Разговор об Австрии Соня заводила уже не в первый раз, и Наталью от этого передергивало. Андреас ей, конечно, нравился, он был очень симпатичным, очень умным и очень обаятельным, и ей было приятно, когда он сначала оказывал ей небольшие, а потом и более серьезные знаки внимания. И ресторан, в который он как-то пригласил ее пообедать, был куда более дорогим, чем те, куда она ходила с Ильей. Наталья уже пожалела, что рассказала об этом обеде дочери: Сонька откуда-то знала, какого высокого ранга это заведение, и сразу же сделала выводы.
- Класс! - восторженно завопила тогда Соня. - У него, наверное, деньжищ уйма.

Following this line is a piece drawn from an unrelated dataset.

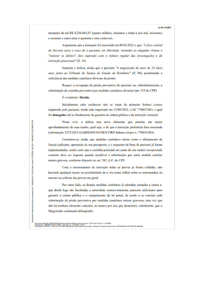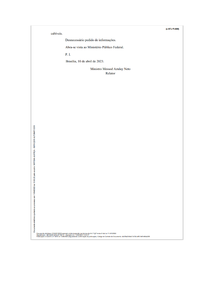 A decisão, prolatada pelo ministro Messod Azulay Neto, saiu na última segunda-feira (10), mas até a noite desta terça-feira ainda não aparecia no site do STJ.

Давай, мамуля, не упускай свой шанс. Поедем в Австрию, будем жить как нормальные люди.
- Прекрати, - осадила ее Наталья, - никуда мы не поедем.
- А что, здесь куковать, что ли? На твои копейки? Илья на тебе не женится, так и просидим, как две дуры.
Наталья в тот раз, помнится, страшно кричала на Соню, пыталась объяснить ей, что нельзя не только так говорить - даже думать так отвратительно, но толку, судя по всему, не было. Материнского крика девушка не испугалась и упорно продолжала гнуть свою линию. Илью надо бросить, срочно ехать в гости к Андреасу и приложить максимум усилий к тому, чтобы женить его на себе и остаться жить за границей. Вот и сейчас Соня взялась за свое:
- Если ты не можешь поговорить со своим Ильей, я сама ему скажу.
- Интересно, что? - усмехнулась Наталья.
- Что или пусть везет нас куда-нибудь на Новый год, или мы с тобой поедем в Австрию к Андреасу. Что мы, дуры какие-нибудь - в Новый год в Москве сидеть? Все нормальные люди за границу уезжают.
Наталья посмотрела на дочь устало, печально и как-то отстраненно, как на постороннего человека. Красивая девочка. Стройная, с тонким лицом, модно подстриженными темными волосами, и одета хорошо, спасибо Павлу и Илье, они оба регулярно дарят Соне модные тряпочки, сама Наталья на свою учительскую зарплату такой гардероб не потянула бы. Хорошо еще, то и дело случаются подработки в качестве переводчика, ведь ее специальность - немецкий язык. Но денег все равно не хватает. И вот стоит перед ней красивая, модно одетая семнадцатилетняя девушка, и глазки вроде бы умненькие, а какое безобразие у нее в голове! Ну откуда, откуда у ее дочери завелись такие омерзительные представления о жизни, такие непомерные требования к окружающим, которые должны, обязаны «делать ей хорошо» и непременно чтобы «не хуже, чем у других»? А желательно, даже лучше. Она, кажется, вообще не принимает в расчет такое понятие, как любовь, она думает только о деньгах, которые к тому же не сама заработала. Неужели все ее поколение такое?